• Task prompt: Send back the line that contains "Josmimic Présentoir à" and all lines following it through the end of the data below, exactly, omitting pictures.

• Task input:

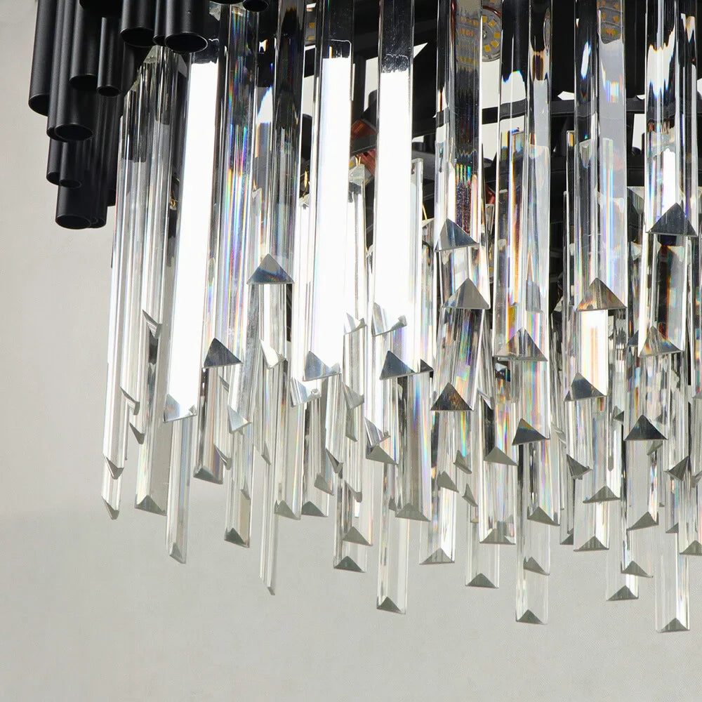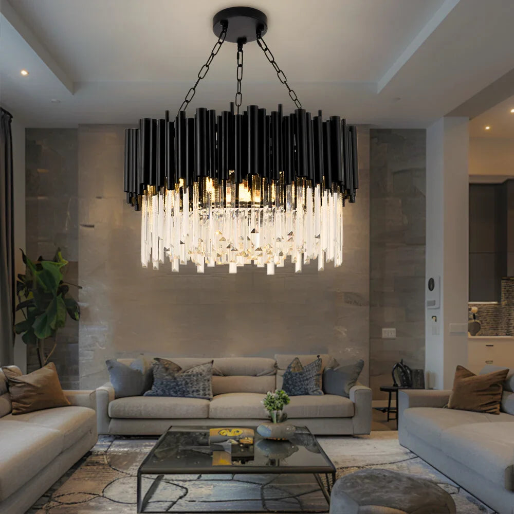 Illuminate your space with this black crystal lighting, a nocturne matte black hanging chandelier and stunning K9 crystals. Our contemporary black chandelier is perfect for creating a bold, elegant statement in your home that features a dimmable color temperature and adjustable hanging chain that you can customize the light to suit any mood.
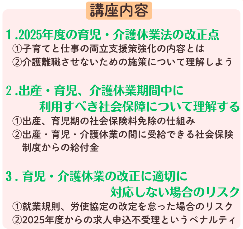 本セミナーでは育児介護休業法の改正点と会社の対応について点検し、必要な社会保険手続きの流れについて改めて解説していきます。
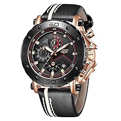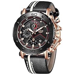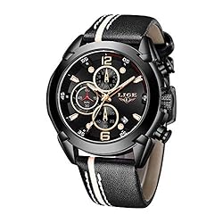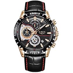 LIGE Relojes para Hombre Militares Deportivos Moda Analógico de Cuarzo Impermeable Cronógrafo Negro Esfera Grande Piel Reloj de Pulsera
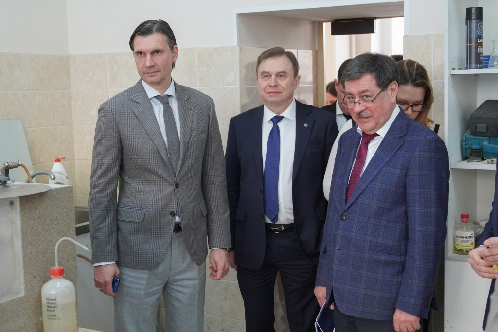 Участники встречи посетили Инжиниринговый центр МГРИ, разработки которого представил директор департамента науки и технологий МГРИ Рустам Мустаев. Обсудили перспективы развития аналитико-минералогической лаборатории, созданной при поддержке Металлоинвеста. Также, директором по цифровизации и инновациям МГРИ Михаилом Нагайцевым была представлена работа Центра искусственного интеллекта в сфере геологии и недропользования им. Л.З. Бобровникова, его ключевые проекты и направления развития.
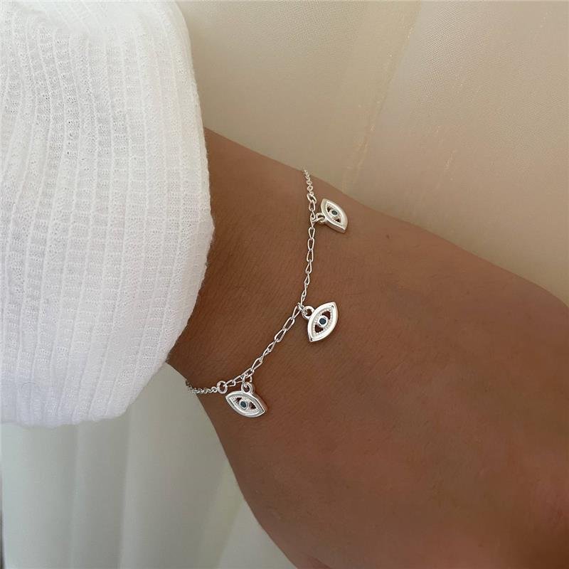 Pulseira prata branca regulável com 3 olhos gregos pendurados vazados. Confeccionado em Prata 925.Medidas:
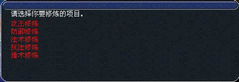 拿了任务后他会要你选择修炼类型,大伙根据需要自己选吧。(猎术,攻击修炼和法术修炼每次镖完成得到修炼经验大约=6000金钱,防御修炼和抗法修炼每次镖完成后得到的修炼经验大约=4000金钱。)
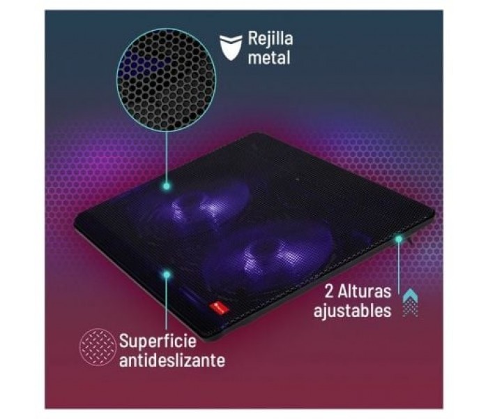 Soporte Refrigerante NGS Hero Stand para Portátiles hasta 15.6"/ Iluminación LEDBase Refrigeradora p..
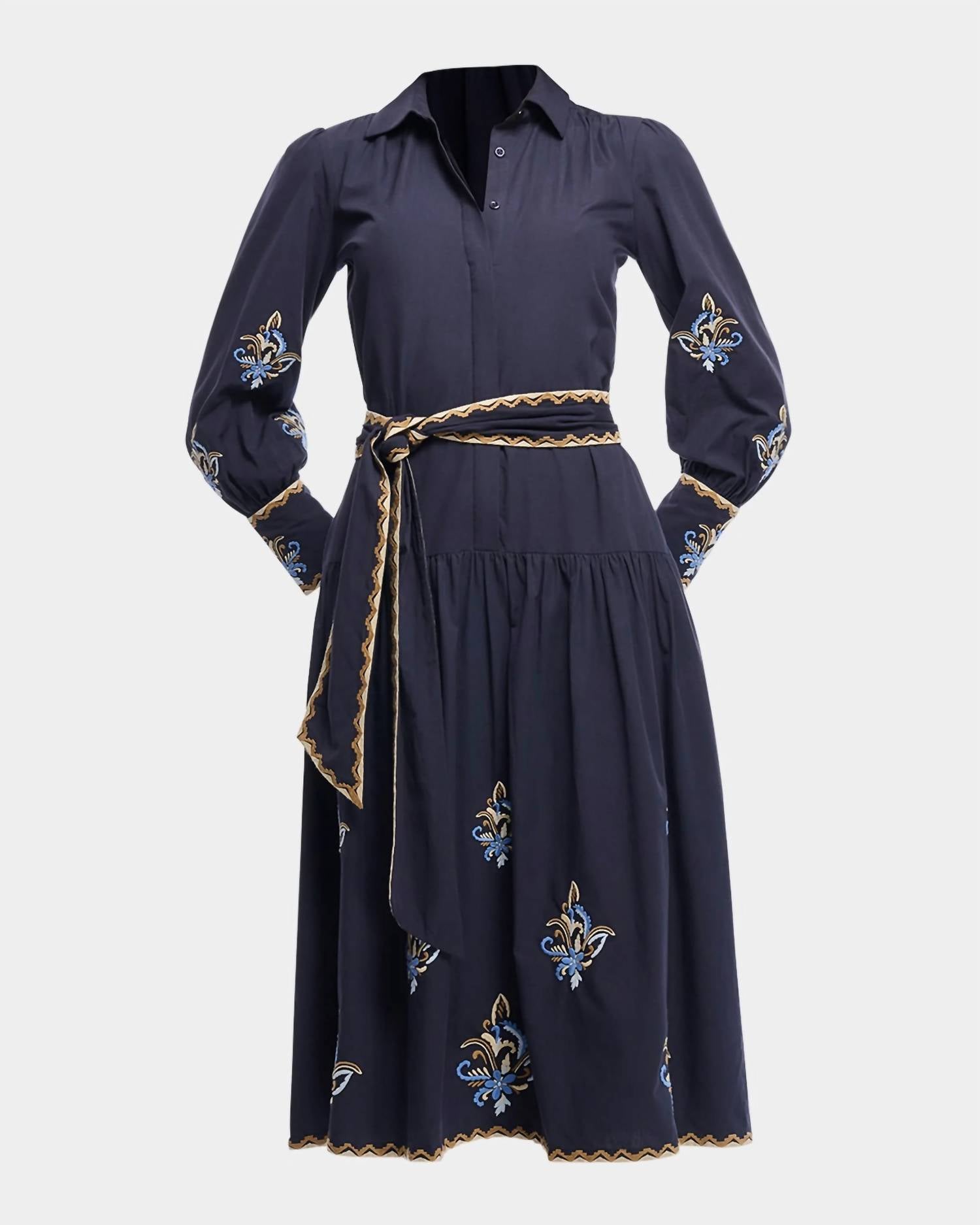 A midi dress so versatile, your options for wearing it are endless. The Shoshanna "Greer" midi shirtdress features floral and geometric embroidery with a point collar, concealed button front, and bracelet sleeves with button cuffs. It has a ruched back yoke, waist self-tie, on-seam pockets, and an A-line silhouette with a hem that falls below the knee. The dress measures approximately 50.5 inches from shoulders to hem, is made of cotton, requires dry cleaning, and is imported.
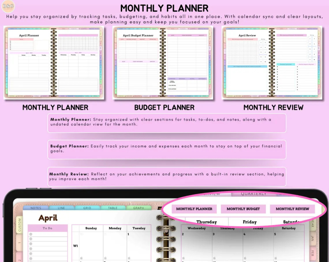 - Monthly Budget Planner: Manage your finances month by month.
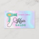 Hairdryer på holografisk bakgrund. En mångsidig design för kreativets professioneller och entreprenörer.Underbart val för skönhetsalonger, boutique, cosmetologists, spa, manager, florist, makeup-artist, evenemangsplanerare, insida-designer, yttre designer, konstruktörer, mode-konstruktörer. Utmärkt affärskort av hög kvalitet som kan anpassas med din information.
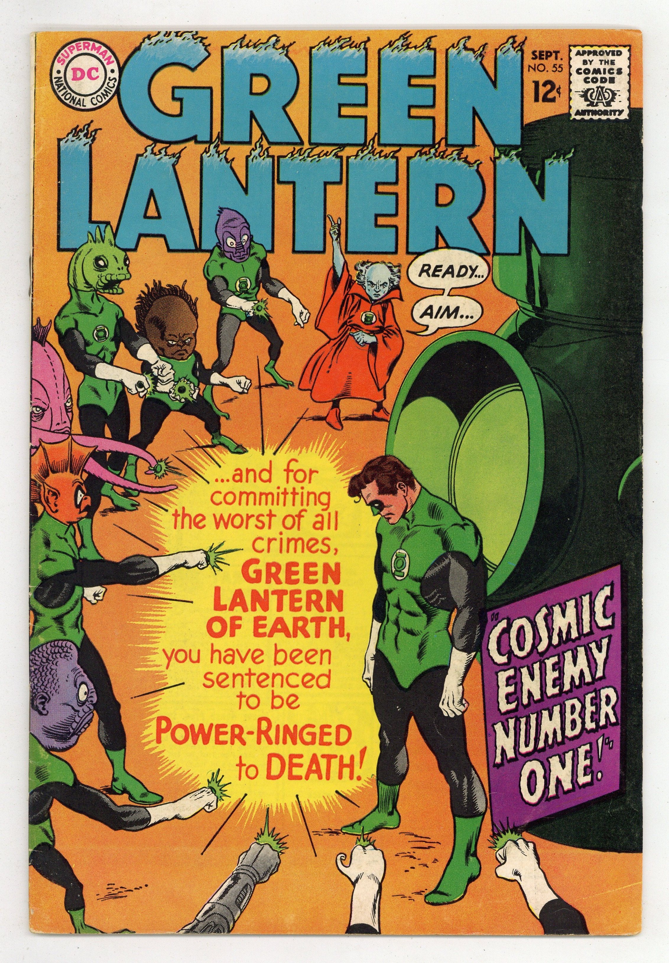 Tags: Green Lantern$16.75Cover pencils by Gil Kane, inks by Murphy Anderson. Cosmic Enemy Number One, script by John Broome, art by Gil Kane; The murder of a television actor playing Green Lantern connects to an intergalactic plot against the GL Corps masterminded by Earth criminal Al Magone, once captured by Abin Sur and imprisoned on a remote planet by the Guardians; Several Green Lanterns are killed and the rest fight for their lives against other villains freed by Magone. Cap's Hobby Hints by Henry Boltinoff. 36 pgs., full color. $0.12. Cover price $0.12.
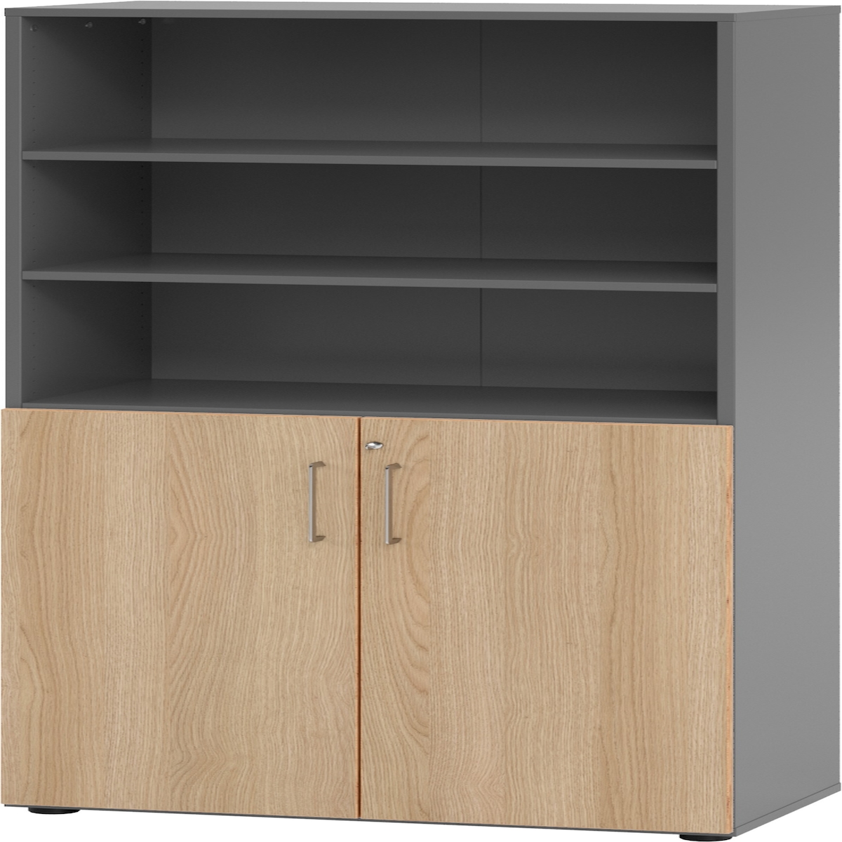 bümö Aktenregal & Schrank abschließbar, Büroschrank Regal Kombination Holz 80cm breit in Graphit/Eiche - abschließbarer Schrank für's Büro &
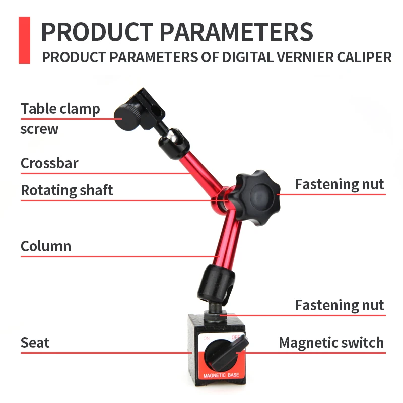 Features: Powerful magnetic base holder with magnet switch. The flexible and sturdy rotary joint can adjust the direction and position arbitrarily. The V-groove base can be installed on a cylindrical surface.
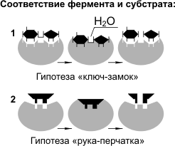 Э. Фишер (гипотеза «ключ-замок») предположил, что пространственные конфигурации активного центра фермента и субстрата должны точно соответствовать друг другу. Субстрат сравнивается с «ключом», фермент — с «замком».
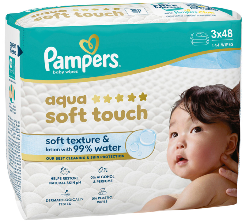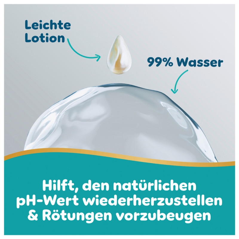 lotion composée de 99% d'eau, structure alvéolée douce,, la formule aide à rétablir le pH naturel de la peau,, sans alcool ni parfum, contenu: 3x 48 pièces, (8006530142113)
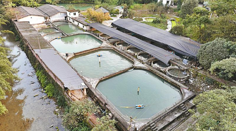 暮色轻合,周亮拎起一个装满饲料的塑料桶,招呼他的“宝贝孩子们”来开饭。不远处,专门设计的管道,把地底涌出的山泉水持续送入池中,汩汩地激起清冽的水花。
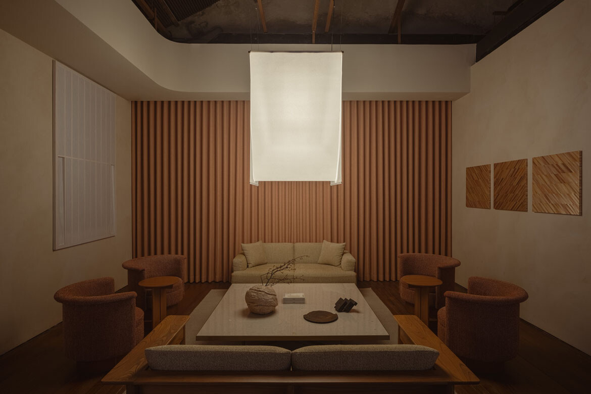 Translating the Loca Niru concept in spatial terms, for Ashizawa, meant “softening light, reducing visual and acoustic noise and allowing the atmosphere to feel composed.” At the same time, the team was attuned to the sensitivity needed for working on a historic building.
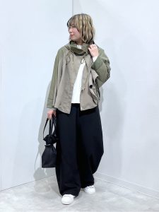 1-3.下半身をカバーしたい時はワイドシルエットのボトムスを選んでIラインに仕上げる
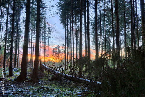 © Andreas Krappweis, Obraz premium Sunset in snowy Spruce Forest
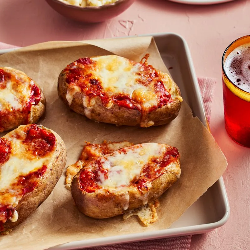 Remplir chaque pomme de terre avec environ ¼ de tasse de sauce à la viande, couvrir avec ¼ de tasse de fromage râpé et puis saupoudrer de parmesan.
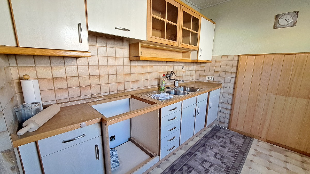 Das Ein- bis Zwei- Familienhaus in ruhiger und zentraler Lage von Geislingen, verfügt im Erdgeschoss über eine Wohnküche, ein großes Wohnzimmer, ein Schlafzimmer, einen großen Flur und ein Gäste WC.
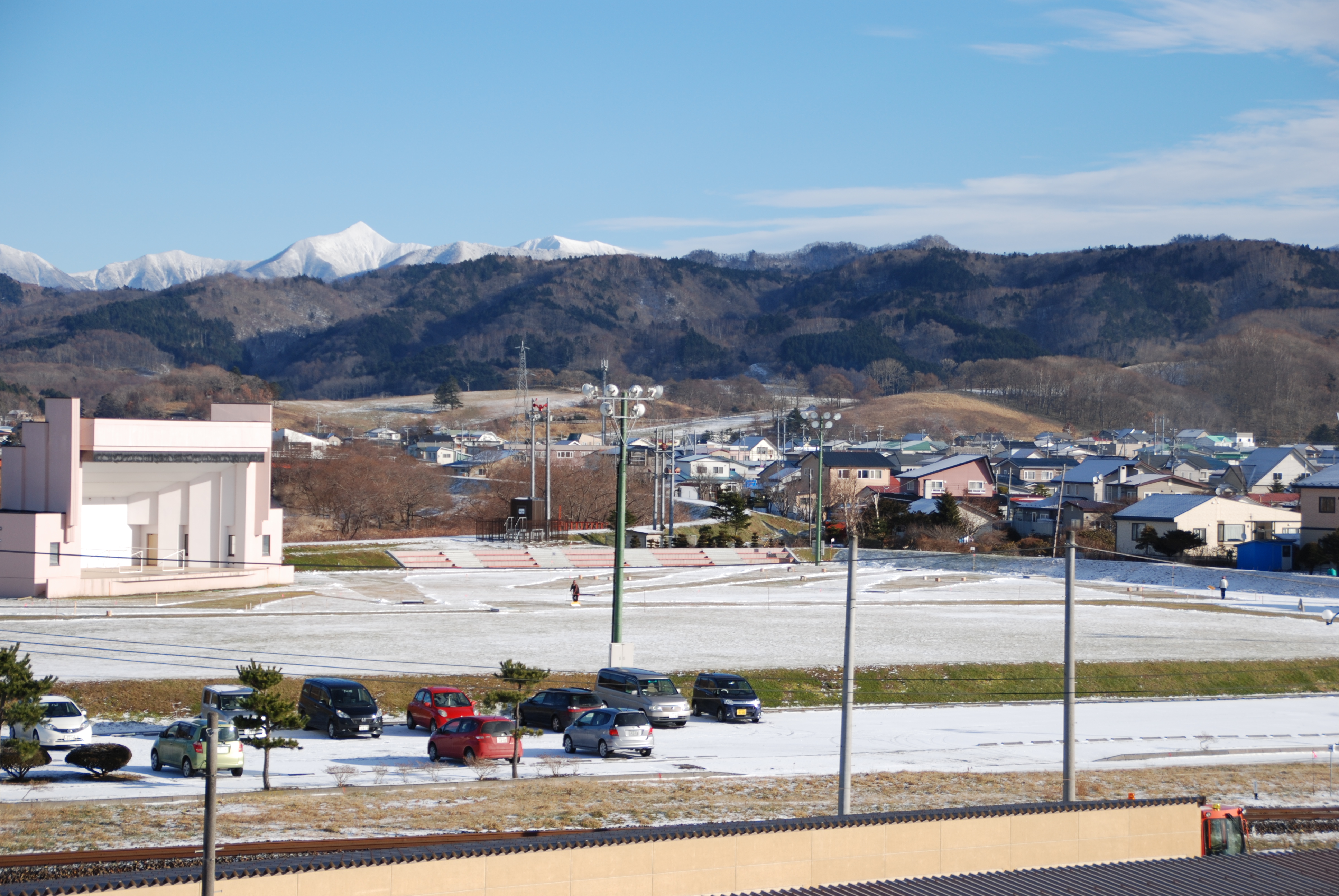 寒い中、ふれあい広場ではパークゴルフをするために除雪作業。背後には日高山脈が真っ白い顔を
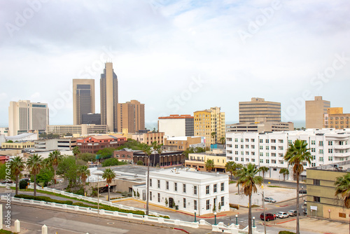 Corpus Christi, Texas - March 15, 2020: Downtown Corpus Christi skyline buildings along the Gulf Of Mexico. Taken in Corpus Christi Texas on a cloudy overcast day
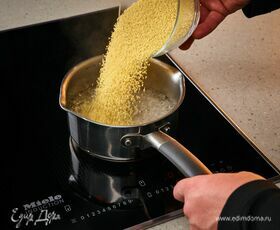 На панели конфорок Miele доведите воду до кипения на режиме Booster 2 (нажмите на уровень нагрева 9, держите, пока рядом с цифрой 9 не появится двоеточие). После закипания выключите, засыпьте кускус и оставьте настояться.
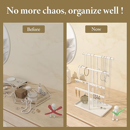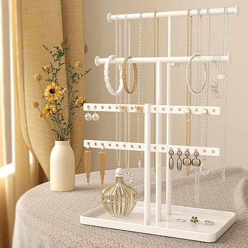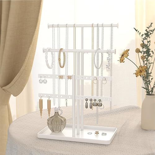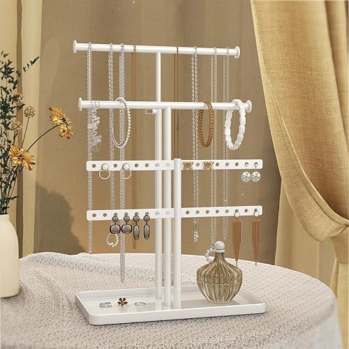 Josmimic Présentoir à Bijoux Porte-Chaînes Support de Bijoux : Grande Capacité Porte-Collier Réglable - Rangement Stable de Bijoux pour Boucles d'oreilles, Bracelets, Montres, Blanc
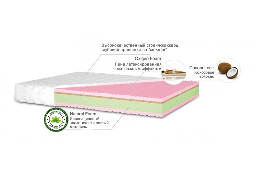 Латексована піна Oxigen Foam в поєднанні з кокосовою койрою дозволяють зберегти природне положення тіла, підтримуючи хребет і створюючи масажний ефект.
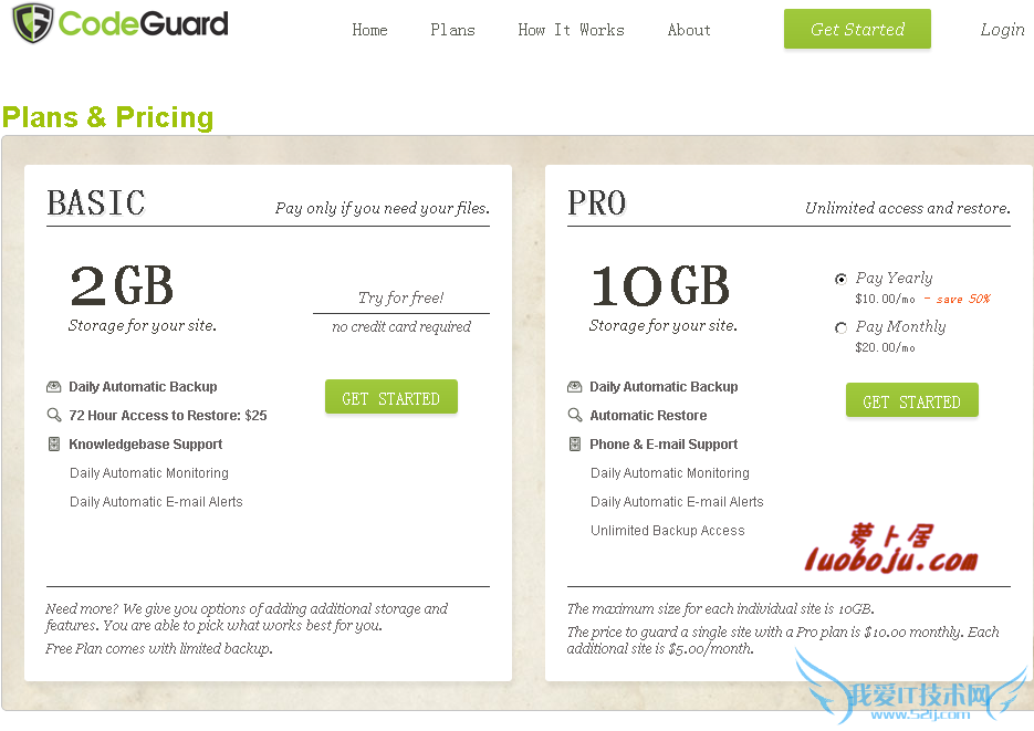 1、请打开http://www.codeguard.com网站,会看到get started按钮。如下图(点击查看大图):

• Exercise solution:
 Josmimic Présentoir à Bijoux Porte-Chaînes Support de Bijoux : Grande Capacité Porte-Collier Réglable - Rangement Stable de Bijoux pour Boucles d'oreilles, Bracelets, Montres, Blanc
 Латексована піна Oxigen Foam в поєднанні з кокосовою койрою дозволяють зберегти природне положення тіла, підтримуючи хребет і створюючи масажний ефект.
 1、请打开http://www.codeguard.com网站,会看到get started按钮。如下图(点击查看大图):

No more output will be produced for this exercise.